**Exercise requirements**
With the material below, print exactly the lines between the line holding "World War II." and the line holding "Рубаи с иллюстрациями.", inclusive. Add nothing else.

**Records supplied**
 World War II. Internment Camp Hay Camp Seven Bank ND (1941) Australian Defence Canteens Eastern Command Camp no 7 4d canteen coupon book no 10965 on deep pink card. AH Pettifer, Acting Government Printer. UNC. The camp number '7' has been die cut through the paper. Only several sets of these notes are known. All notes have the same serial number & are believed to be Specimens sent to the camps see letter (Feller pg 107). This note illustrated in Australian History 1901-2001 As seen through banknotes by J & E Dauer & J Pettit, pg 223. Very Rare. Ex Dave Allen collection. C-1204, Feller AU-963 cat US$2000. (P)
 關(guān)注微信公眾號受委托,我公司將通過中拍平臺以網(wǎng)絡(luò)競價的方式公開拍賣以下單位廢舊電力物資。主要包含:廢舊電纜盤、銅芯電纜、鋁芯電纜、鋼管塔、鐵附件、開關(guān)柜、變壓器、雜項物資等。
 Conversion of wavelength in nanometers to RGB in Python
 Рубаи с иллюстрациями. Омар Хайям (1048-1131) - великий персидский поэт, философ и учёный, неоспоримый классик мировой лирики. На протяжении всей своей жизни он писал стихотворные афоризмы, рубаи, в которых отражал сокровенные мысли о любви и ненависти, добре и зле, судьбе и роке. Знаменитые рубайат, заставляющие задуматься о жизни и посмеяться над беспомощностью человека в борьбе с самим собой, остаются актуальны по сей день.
==
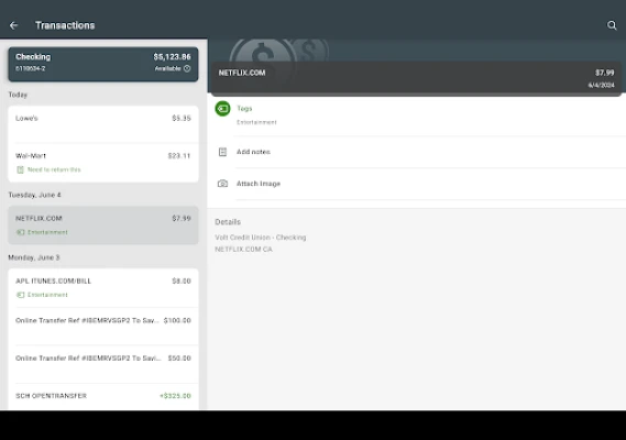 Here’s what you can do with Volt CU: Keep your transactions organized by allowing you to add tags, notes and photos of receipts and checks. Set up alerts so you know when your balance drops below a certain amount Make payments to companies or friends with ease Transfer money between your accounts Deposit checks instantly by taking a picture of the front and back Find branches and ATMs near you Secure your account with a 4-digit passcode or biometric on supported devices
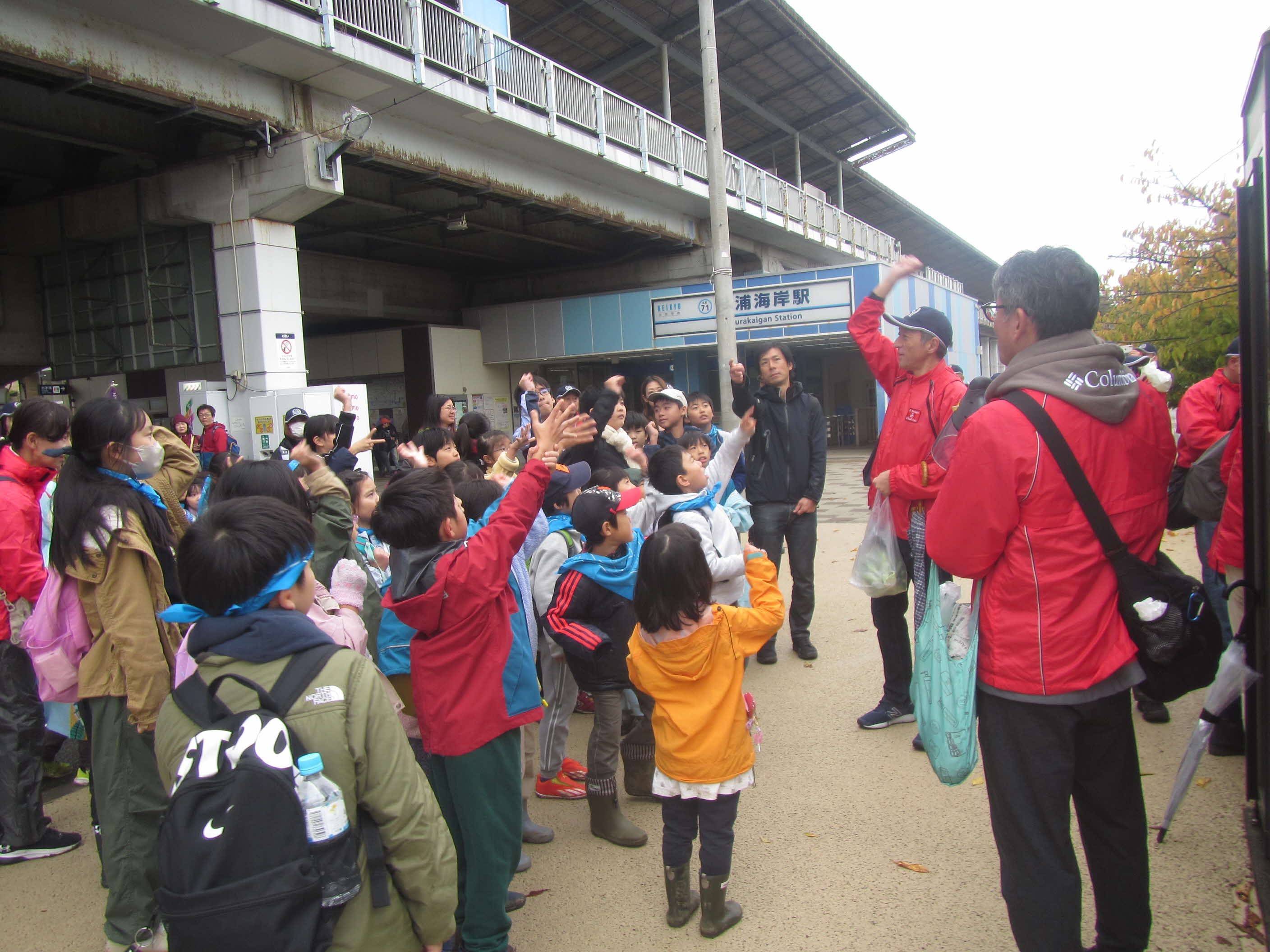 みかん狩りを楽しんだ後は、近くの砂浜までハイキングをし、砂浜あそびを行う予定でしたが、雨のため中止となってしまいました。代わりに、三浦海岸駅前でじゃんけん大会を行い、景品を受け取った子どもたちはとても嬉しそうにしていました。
...
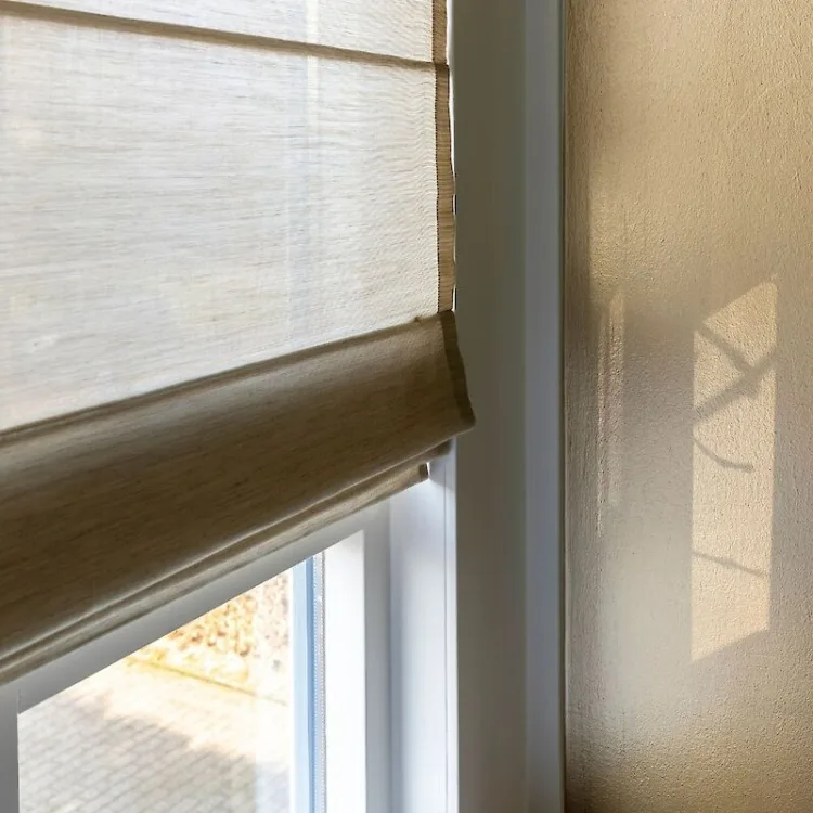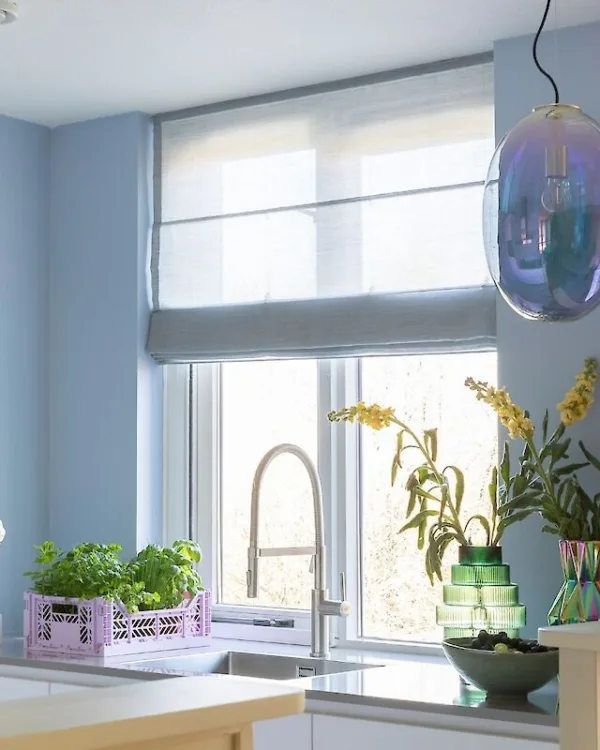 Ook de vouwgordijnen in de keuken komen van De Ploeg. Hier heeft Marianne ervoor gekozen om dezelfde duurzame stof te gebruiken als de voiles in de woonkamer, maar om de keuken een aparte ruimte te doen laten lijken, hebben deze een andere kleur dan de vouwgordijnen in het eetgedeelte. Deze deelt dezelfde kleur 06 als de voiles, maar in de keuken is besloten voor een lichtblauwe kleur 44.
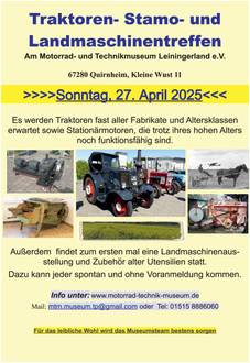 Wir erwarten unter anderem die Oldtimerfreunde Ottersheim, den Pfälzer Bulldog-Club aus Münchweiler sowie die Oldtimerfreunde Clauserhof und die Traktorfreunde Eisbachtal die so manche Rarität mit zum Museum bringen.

**Result for this exercise**
 World War II. Internment Camp Hay Camp Seven Bank ND (1941) Australian Defence Canteens Eastern Command Camp no 7 4d canteen coupon book no 10965 on deep pink card. AH Pettifer, Acting Government Printer. UNC. The camp number '7' has been die cut through the paper. Only several sets of these notes are known. All notes have the same serial number & are believed to be Specimens sent to the camps see letter (Feller pg 107). This note illustrated in Australian History 1901-2001 As seen through banknotes by J & E Dauer & J Pettit, pg 223. Very Rare. Ex Dave Allen collection. C-1204, Feller AU-963 cat US$2000. (P)
 關(guān)注微信公眾號受委托,我公司將通過中拍平臺以網(wǎng)絡(luò)競價的方式公開拍賣以下單位廢舊電力物資。主要包含:廢舊電纜盤、銅芯電纜、鋁芯電纜、鋼管塔、鐵附件、開關(guān)柜、變壓器、雜項物資等。
 Conversion of wavelength in nanometers to RGB in Python
 Рубаи с иллюстрациями. Омар Хайям (1048-1131) - великий персидский поэт, философ и учёный, неоспоримый классик мировой лирики. На протяжении всей своей жизни он писал стихотворные афоризмы, рубаи, в которых отражал сокровенные мысли о любви и ненависти, добре и зле, судьбе и роке. Знаменитые рубайат, заставляющие задуматься о жизни и посмеяться над беспомощностью человека в борьбе с самим собой, остаются актуальны по сей день.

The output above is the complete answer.